BEGIN Collected data

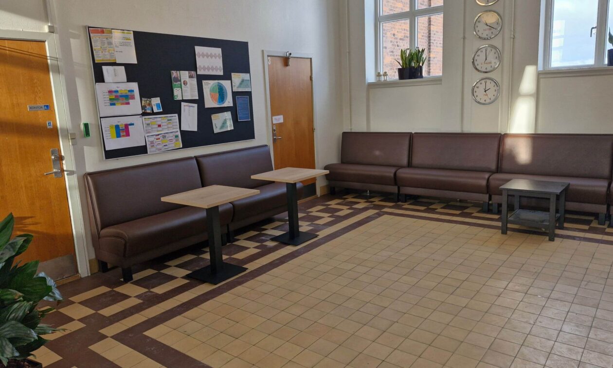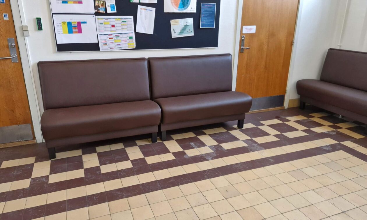 Dagskolen Odense har fået frisket deres omgivelser til ungerne op med vores Fairmont bænke i brun og vores skønne bordplader H1180 i ege look laminat. Alt skabt så ungerne kan boltre sig frit.
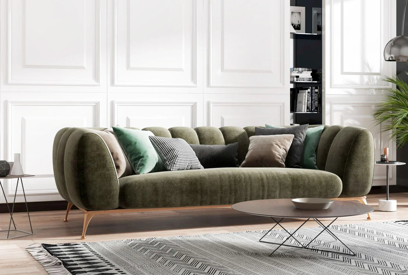 Modern 3-Seater Relaxing Sofa in Luxury Fabric – Sculptural Design and Exceptional Comfort
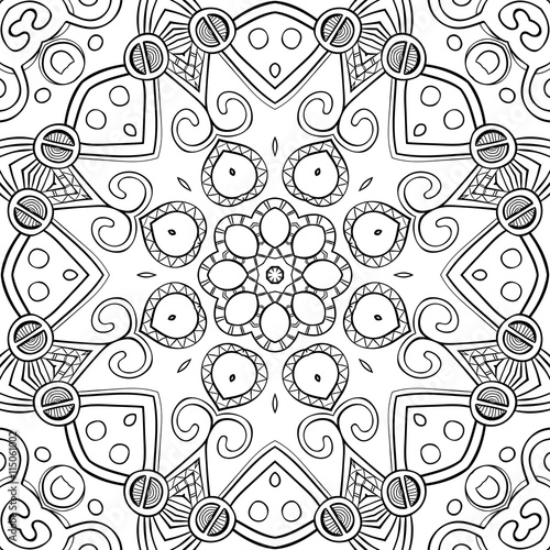 Hand-drawn mandala for coloring, square background, lace ornament pattern, monochrome contour mandala, EPS 8

END Collected data

● Assigned task:
Transcribe the whole listing exactly. Pictures stay out of your copy.

● Answer space:
 Dagskolen Odense har fået frisket deres omgivelser til ungerne op med vores Fairmont bænke i brun og vores skønne bordplader H1180 i ege look laminat. Alt skabt så ungerne kan boltre sig frit.
 Modern 3-Seater Relaxing Sofa in Luxury Fabric – Sculptural Design and Exceptional Comfort
 Hand-drawn mandala for coloring, square background, lace ornament pattern, monochrome contour mandala, EPS 8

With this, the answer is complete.